**WHAT THIS TASK INVOLVES**
Leaving pictures aside, set down each line exactly, from the first line of the data to the line with "In the sixth", both included.

**DATA BLOCK**

-------

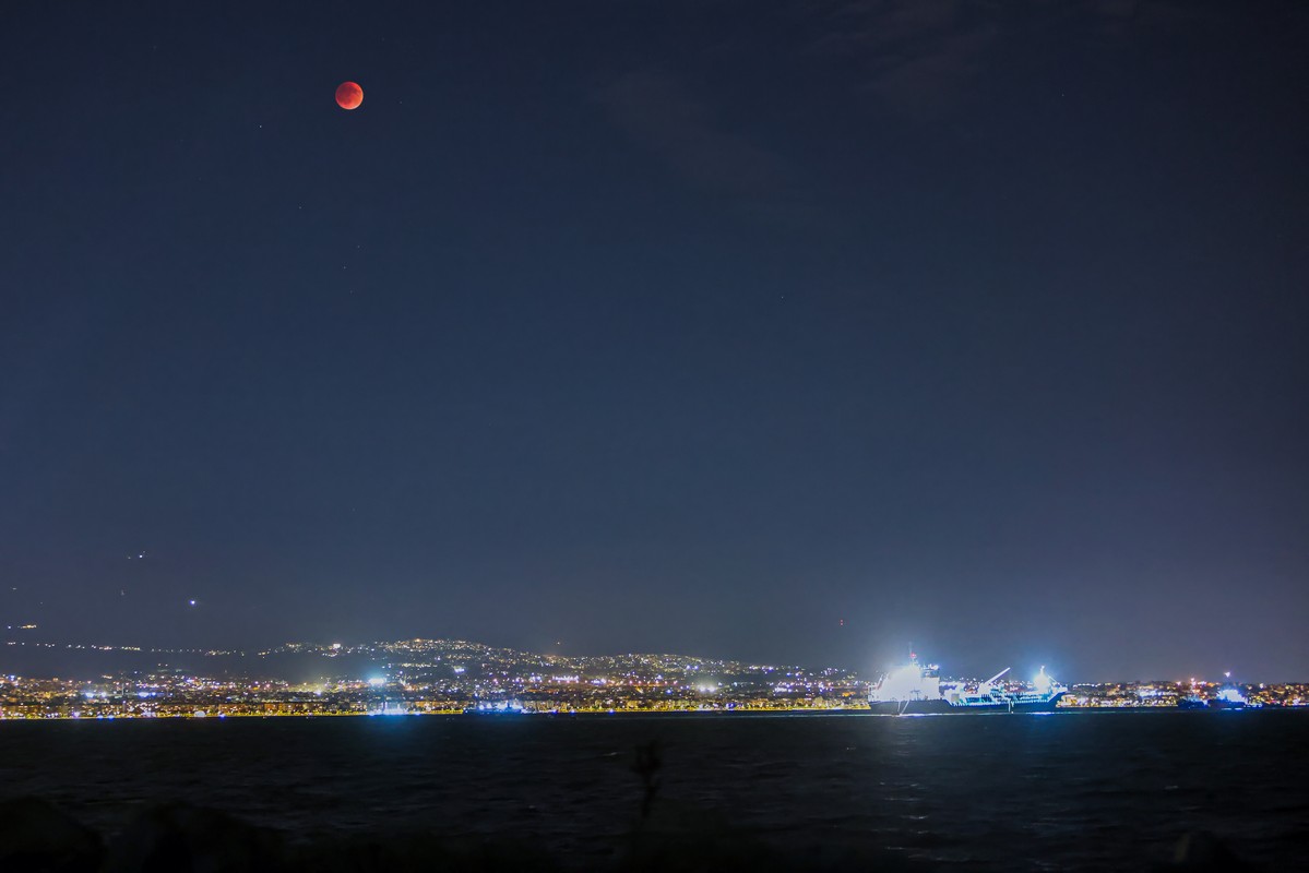 Το «Ματωμένο Φεγγάρι» εντυπωσίασε για μια ακόμη φορά όχι μόνο τη Θεσσαλονίκη, αλλά και όλο τον κόσμο, αφού φέτος η πανσέληνος συνοδεύτηκε από ολική έκλειψη της Σελήνης, χαρίζοντάς της μια κοκκινωπή απόχρωση.
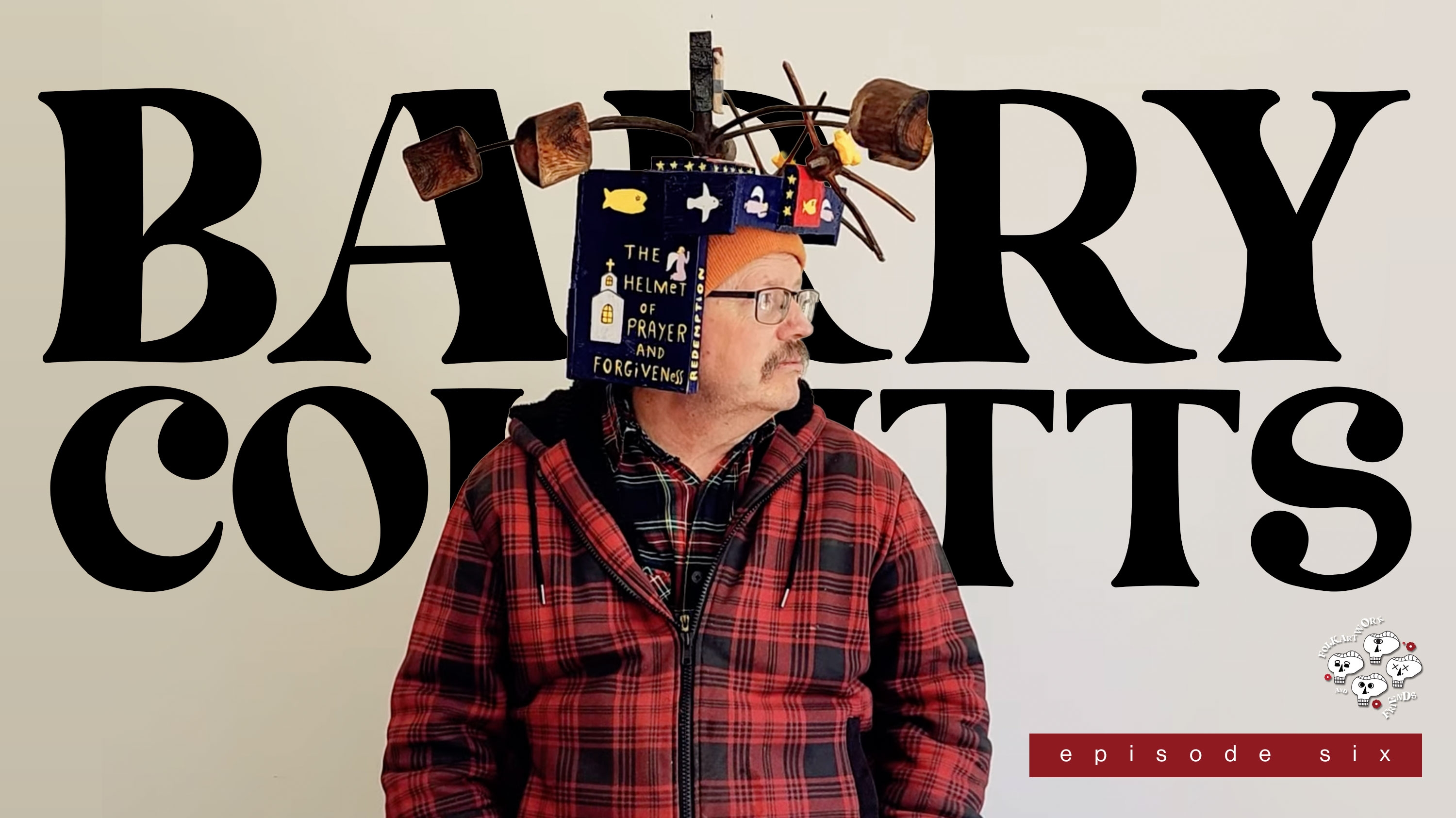 In the sixth episode of FolkArtwork and Friends, I am absolutely honored to talk with Nova Scotia’s own Barry Colpitts, folk artist and wood carver, who creates some of the most magnificent works of art in North America. Thanks to Audrey Sanford of Black Sheep Gallery for setting this up, I get to sit down with Barry and hear about his beginnings, including his lack of relationship to art when he was younger, his start in wood carving while working as a prison guard, some of his “racy” mermaid carvings when he was in his twenties, plus he brings his one of a kind Prayer Helment Whirligig to show off.
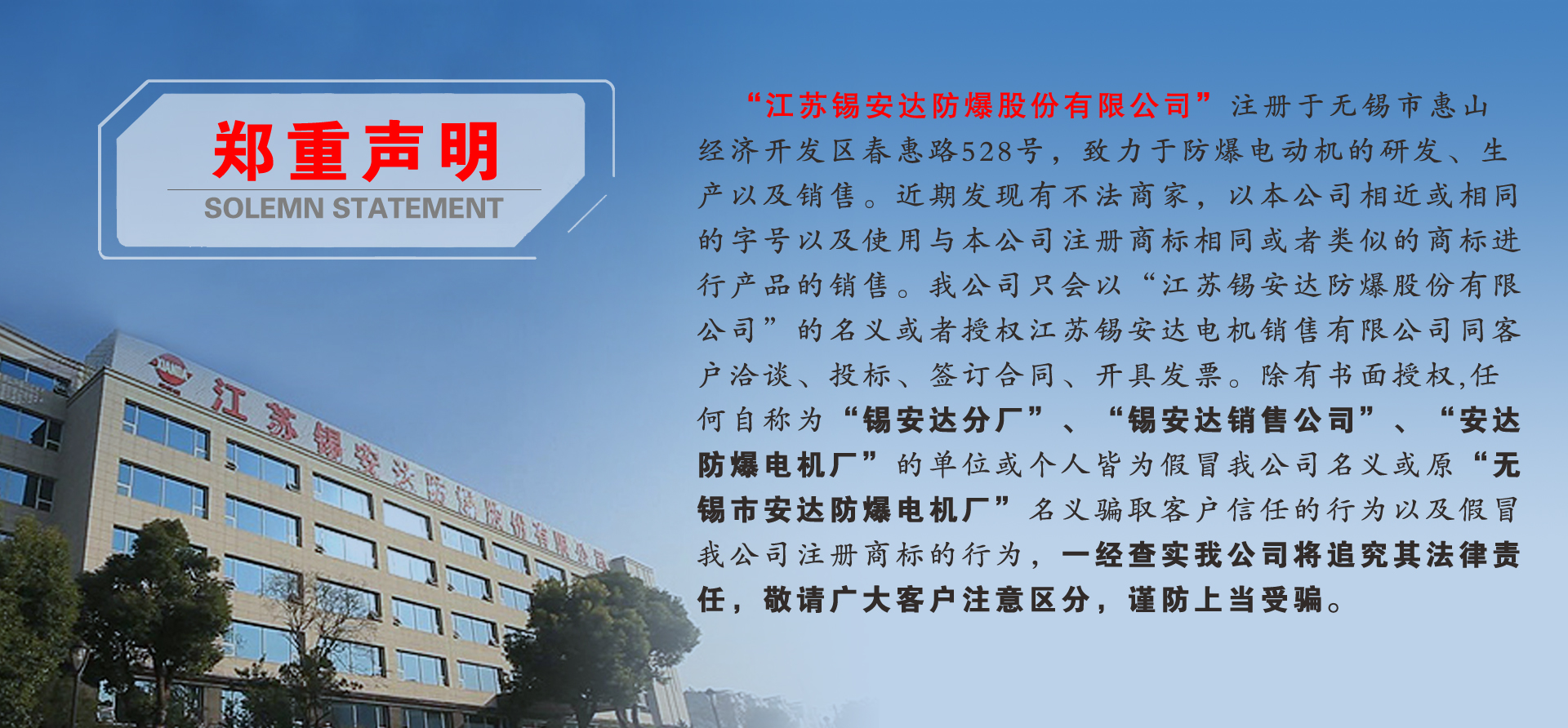 公司主要生產(chǎn)高低壓防爆電動機(jī)和防爆電動葫蘆,是中國防爆電機(jī)科研生產(chǎn)基地之一,占地面積11萬平方米,擁有現(xiàn)代化的生產(chǎn)車間、先進(jìn)的加工設(shè)備和完善的檢測能力。具有1000萬千瓦防爆電動機(jī)和3000臺防爆電動葫蘆的生產(chǎn)能力,注冊商標(biāo)為“錫安達(dá)”。產(chǎn)品主要用于石油、化工、煤炭、冶金、水利、電力、糧食、軍工等領(lǐng)域。

-------

**YOUR RESPONSE**
 Το «Ματωμένο Φεγγάρι» εντυπωσίασε για μια ακόμη φορά όχι μόνο τη Θεσσαλονίκη, αλλά και όλο τον κόσμο, αφού φέτος η πανσέληνος συνοδεύτηκε από ολική έκλειψη της Σελήνης, χαρίζοντάς της μια κοκκινωπή απόχρωση.
 In the sixth episode of FolkArtwork and Friends, I am absolutely honored to talk with Nova Scotia’s own Barry Colpitts, folk artist and wood carver, who creates some of the most magnificent works of art in North America. Thanks to Audrey Sanford of Black Sheep Gallery for setting this up, I get to sit down with Barry and hear about his beginnings, including his lack of relationship to art when he was younger, his start in wood carving while working as a prison guard, some of his “racy” mermaid carvings when he was in his twenties, plus he brings his one of a kind Prayer Helment Whirligig to show off.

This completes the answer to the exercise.